The inventive case studies that make up the second part of Zug’s book examine a variety of historical demagogues who have occupied each of the major branches of national government. He compares seemingly unlikely figures like Samuel Chase and Antonin Scalia, or Franklin Roosevelt and Donald Trump. These cases flesh out our understanding of good and bad demagogues and the ways in which their institutional responsibilities and historic challenges inflect their rhetorical choices. For example, he argues that Rep. Adam Clayton Powell’s “insults, exaggerations, and deliberate provocations” (p. 121) in the House were mostly justified tactics to move a resistant and “oftentimes hostile white audience” (p. 124) to recognize the realities of entrenched racial discrimination.

This book is undoubtedly one of the most sophisticated and nuanced treatments of demagoguery available. Zug’s theoretical framework helps us delineate the features and preconditions of good and bad demagogues and compels us to take seriously leaders’ institutional obligations—how “different jobs require different kinds of speech” (p. 10). His thesis is both hard to refute and urgent: demagoguery is not an oddity or a perversion of American politics but an endemic feature of our republic and one that can potentially invigorate our national discourse and constitutional politics. He treats his subjects with a welcome generosity, concluding, for example, that U.S. Senator Huey Long’s critique of American politics possesses an “underappreciated sophistication” (p. 143).

At the same time, in calling itself Demagogues in American Politics this book promises somewhat more than it delivers. Zug focuses on officeholders at the federal level, yet the universe of American demagogues stretches much wider. We might identify Father Coughlin or Charles Lindbergh as important demagogues and, in more recent years, figures like Alex Jones. Of course, Zug might respond that constitutional officers have unique responsibilities to guide our national conversations—generating rhetoric we can judge through standards arising from their official duties. But if that is the case, why spend an entire chapter considering the status of Daniel Shays, who was not even a soldier at the time of the insurrection that bears his name? Moreover, many state officials take oaths to support the Constitution, an obligation that arguably makes them suitable for inclusion in this project.
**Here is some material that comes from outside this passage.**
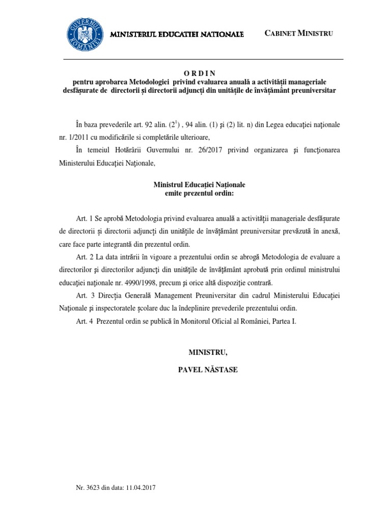 Metodologia Privind Organizarea și Desfășurarea Concursului Pentru Ocuparea Funcțiilor De Director și Director Adjunct Din Unitățile De Invățămant Preuniversitar Din 30 05 2017 Actualizat 2020 Lege5 Ro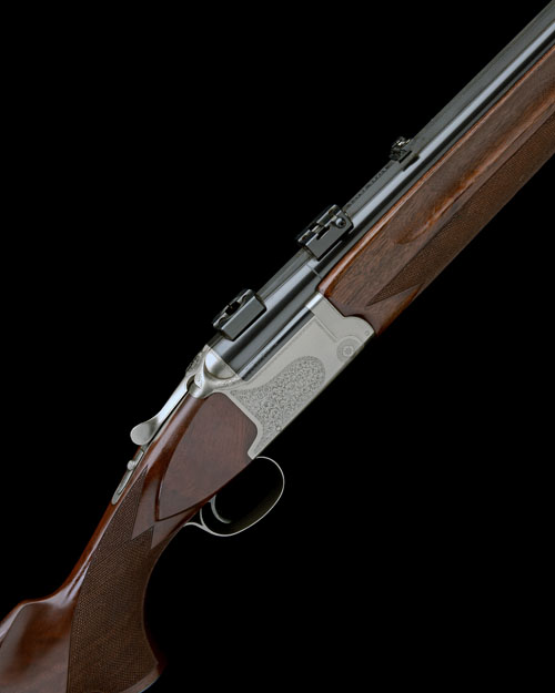 25in. nitro reproved barrels, 8mm stepped raised solid matt top-rib with folding open sights and ramp-mounted bead fore-sight, the breech end with quickly-detachable telescopic sight mount bases, 3in. shot chamber, full choke insert, hold-open toplever, automatic safety with integral barrel selector switch, border and scroll engraving, bright finish, 14 1/8in. figured pistolgrip stock with cheekpiece, monte carlo comb, pistolgrip-cap, sling eyes and including 5/8in. rubber recoil pad, weight 8lb. 10oz.

Zug may have practical or theoretical reasons for not considering these different figures, but he should make the case directly, especially given our fear that in an era of negative partisanship and populism, demagoguery is likely coursing through the republic.

Some readers may also leave this book with lingering questions about what are the core elements of demagoguery. We have a good sense of how the classical and modern conceptions differ and how good demagogues diverge from those who rely “on hope and emotion at the expense of coherent argument” (p. 155). But at different points in the book, the author associates demagoguery with “hyperbole,” “norm-breaking,” and rhetoric that is “personalistic” or “provocative and divisive” (p. 109). Are these all equally constitutive of demagoguery? Do demagogues generally flatter the “unreflective prejudices and desires of the people” (p. 67), or is that only a byproduct of bad leadership? At several points, Zug indicates that demagogues defend their rhetoric as a response to political crises, but can good demagoguery be used for more routine constitutional maintenance?

Again, Zug’s interest in exploring the “range of meanings that demagoguery can have” (p. 77) is part of what makes the book so analytically powerful. But this definitional openness raises the question of what unifies the concept across its different manifestations and substantive tensions. There seems to be some irreducible competition, for example, between the imperative that a good demagogue must provide reasonable claims with “empirical evidence and argumentative rigor” (p. 163) and our understanding that part of what distinguishes demagogic power is its capacity for invective, divisiveness, and emotion. Without a more vivid account of what demagoguery is, one wonders whether good demagogues are, to some degree, anti-demagogic.